Start of Block
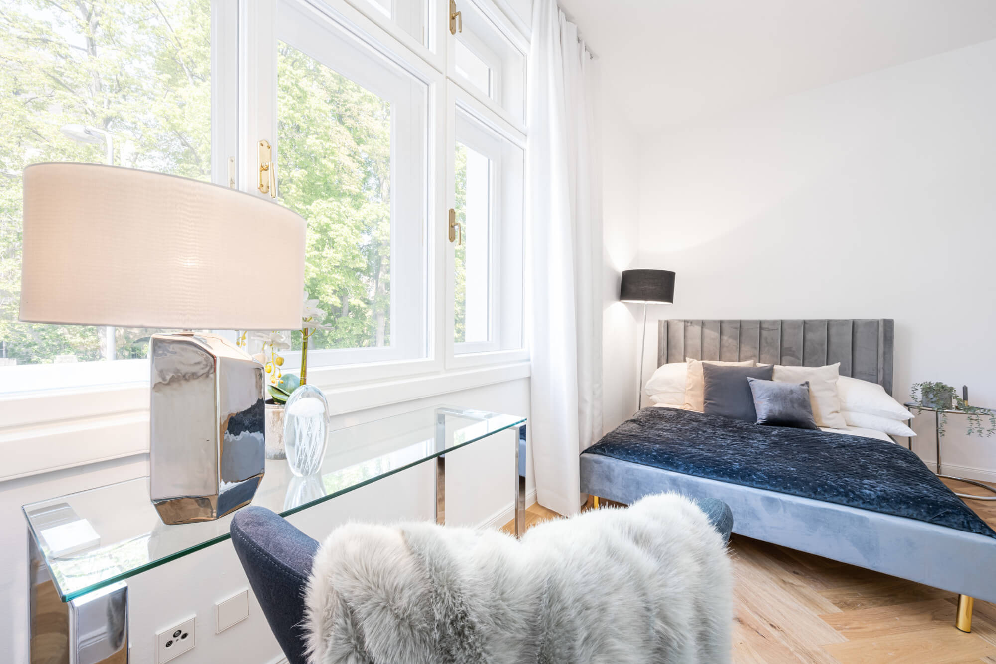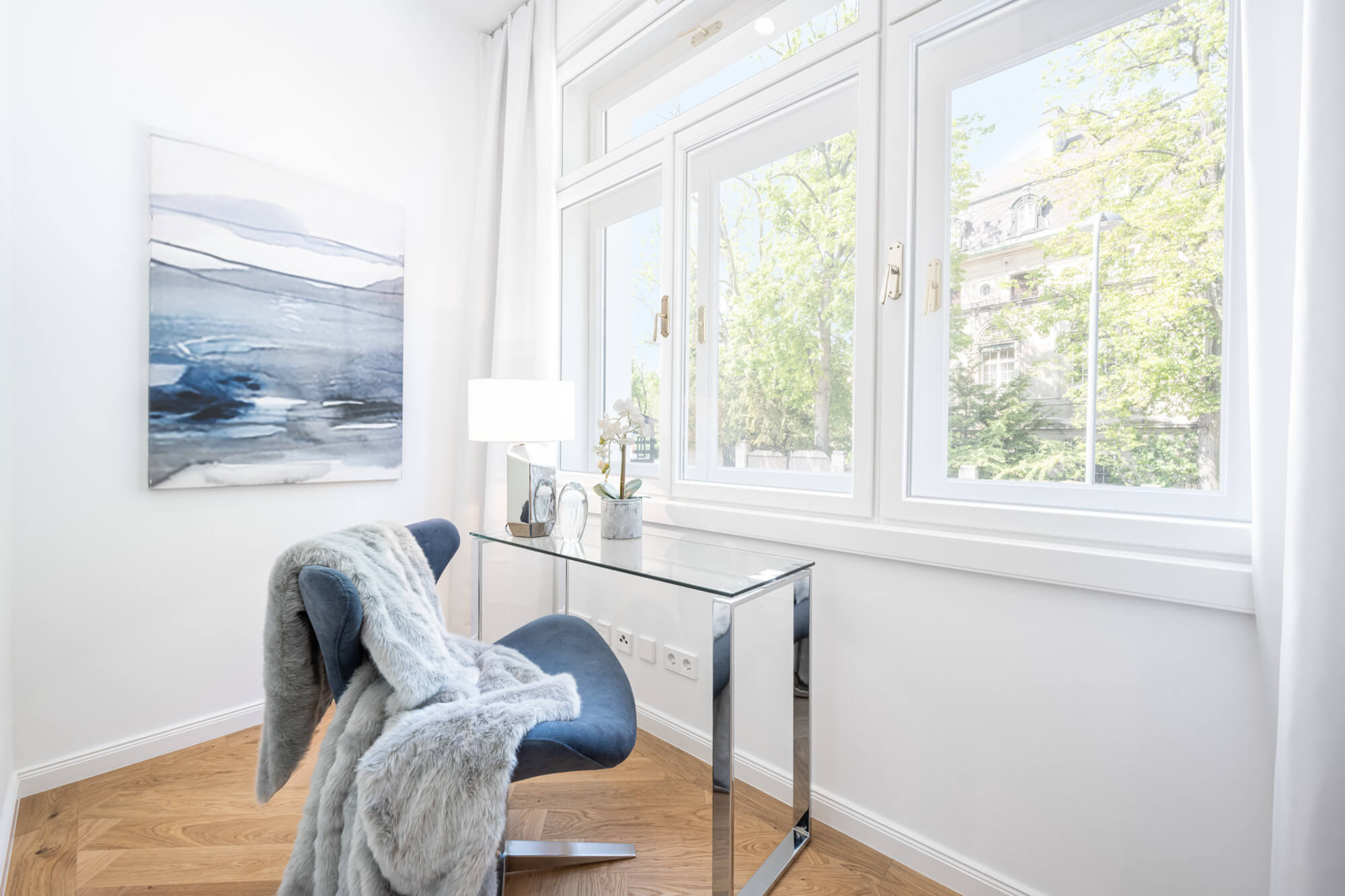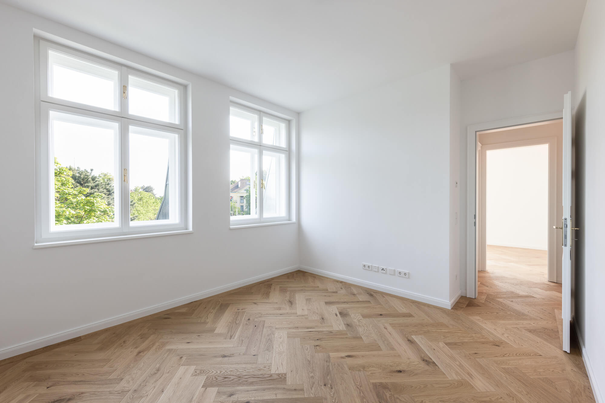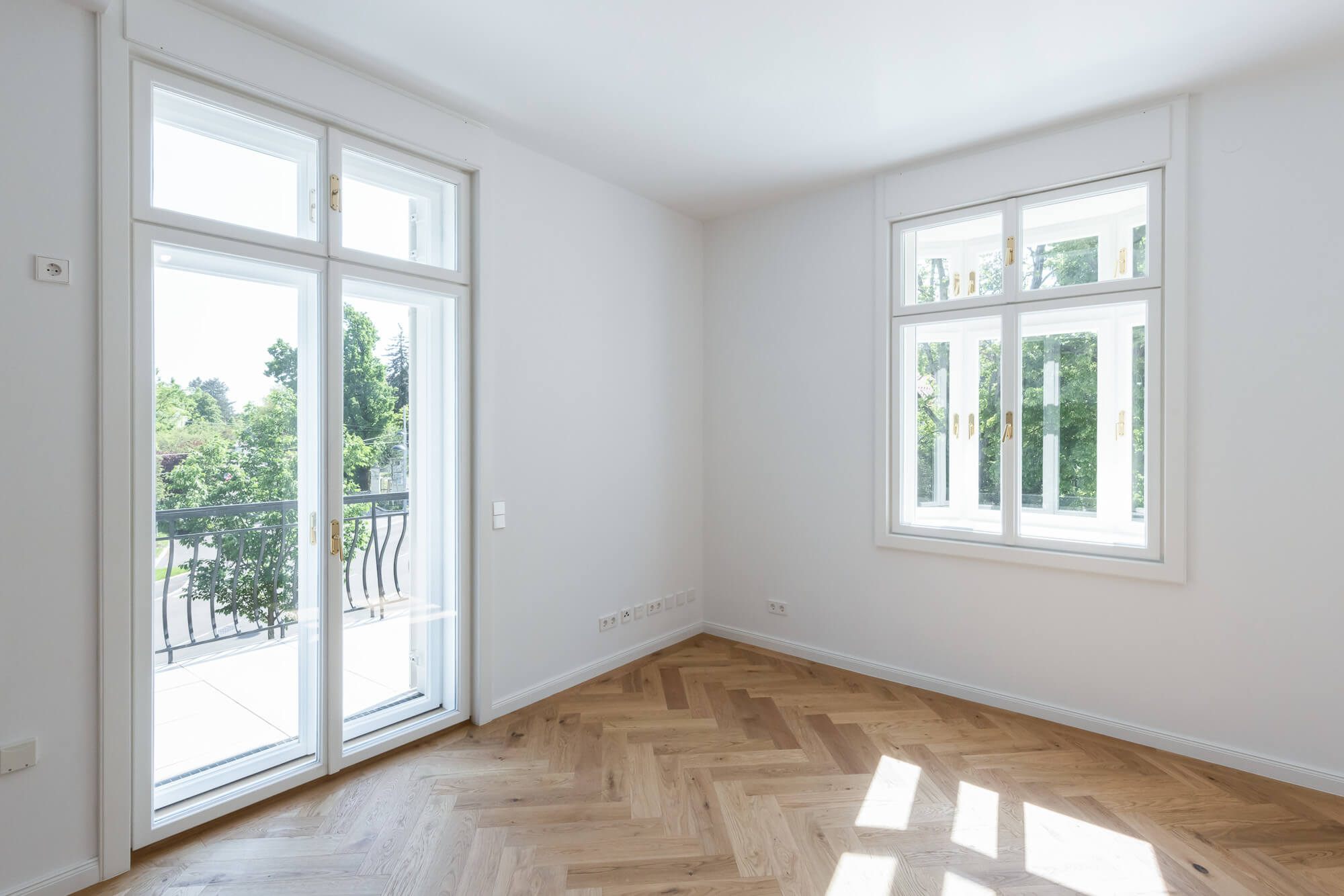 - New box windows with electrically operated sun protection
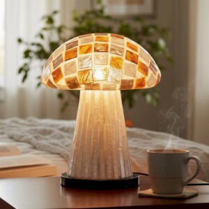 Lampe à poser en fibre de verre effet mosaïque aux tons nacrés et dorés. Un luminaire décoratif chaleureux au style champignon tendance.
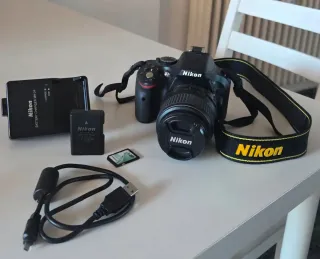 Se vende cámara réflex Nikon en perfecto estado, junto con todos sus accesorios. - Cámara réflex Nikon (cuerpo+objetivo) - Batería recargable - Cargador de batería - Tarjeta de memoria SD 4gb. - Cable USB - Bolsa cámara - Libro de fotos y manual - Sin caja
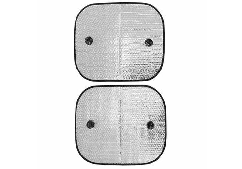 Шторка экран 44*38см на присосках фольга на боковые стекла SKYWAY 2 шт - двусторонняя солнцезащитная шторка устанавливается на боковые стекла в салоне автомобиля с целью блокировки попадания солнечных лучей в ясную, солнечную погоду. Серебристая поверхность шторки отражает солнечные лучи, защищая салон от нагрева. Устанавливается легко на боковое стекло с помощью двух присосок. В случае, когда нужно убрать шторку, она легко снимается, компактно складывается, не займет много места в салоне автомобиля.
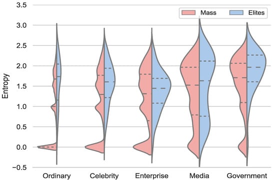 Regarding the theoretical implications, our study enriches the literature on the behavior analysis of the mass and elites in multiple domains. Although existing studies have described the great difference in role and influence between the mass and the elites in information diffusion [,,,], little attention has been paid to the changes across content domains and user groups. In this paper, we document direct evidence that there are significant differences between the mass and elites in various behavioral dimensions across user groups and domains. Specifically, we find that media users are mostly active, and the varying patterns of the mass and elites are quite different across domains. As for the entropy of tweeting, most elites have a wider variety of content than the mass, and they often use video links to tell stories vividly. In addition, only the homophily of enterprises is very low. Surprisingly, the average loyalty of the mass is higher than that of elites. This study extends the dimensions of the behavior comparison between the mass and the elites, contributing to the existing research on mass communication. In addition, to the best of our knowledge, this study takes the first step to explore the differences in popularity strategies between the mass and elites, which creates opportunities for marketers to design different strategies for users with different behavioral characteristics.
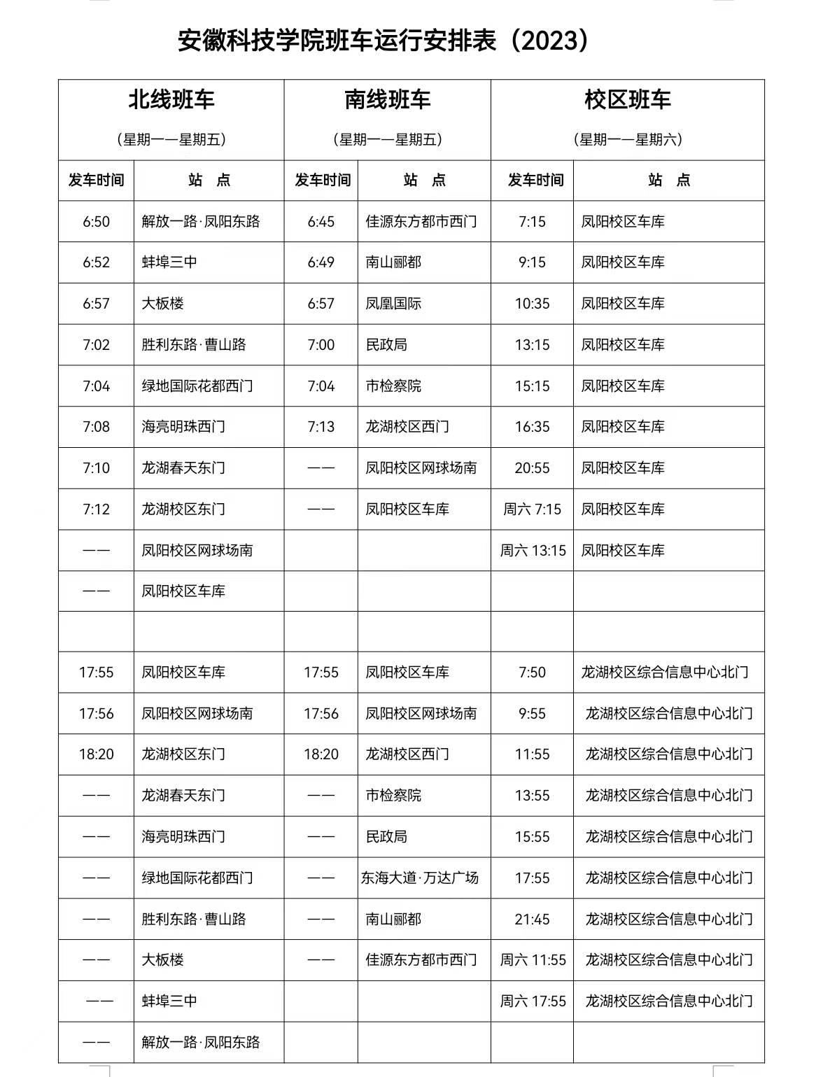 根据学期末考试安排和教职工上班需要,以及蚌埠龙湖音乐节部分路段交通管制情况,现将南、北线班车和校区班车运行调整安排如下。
End of Block
* [Task to carry out] Copy out every line above, word for word, minus images.

* [Written response]
 - New box windows with electrically operated sun protection
 Lampe à poser en fibre de verre effet mosaïque aux tons nacrés et dorés. Un luminaire décoratif chaleureux au style champignon tendance.
 Se vende cámara réflex Nikon en perfecto estado, junto con todos sus accesorios. - Cámara réflex Nikon (cuerpo+objetivo) - Batería recargable - Cargador de batería - Tarjeta de memoria SD 4gb. - Cable USB - Bolsa cámara - Libro de fotos y manual - Sin caja
 Шторка экран 44*38см на присосках фольга на боковые стекла SKYWAY 2 шт - двусторонняя солнцезащитная шторка устанавливается на боковые стекла в салоне автомобиля с целью блокировки попадания солнечных лучей в ясную, солнечную погоду. Серебристая поверхность шторки отражает солнечные лучи, защищая салон от нагрева. Устанавливается легко на боковое стекло с помощью двух присосок. В случае, когда нужно убрать шторку, она легко снимается, компактно складывается, не займет много места в салоне автомобиля.
 Regarding the theoretical implications, our study enriches the literature on the behavior analysis of the mass and elites in multiple domains. Although existing studies have described the great difference in role and influence between the mass and the elites in information diffusion [,,,], little attention has been paid to the changes across content domains and user groups. In this paper, we document direct evidence that there are significant differences between the mass and elites in various behavioral dimensions across user groups and domains. Specifically, we find that media users are mostly active, and the varying patterns of the mass and elites are quite different across domains. As for the entropy of tweeting, most elites have a wider variety of content than the mass, and they often use video links to tell stories vividly. In addition, only the homophily of enterprises is very low. Surprisingly, the average loyalty of the mass is higher than that of elites. This study extends the dimensions of the behavior comparison between the mass and the elites, contributing to the existing research on mass communication. In addition, to the best of our knowledge, this study takes the first step to explore the differences in popularity strategies between the mass and elites, which creates opportunities for marketers to design different strategies for users with different behavioral characteristics.
 根据学期末考试安排和教职工上班需要,以及蚌埠龙湖音乐节部分路段交通管制情况,现将南、北线班车和校区班车运行调整安排如下。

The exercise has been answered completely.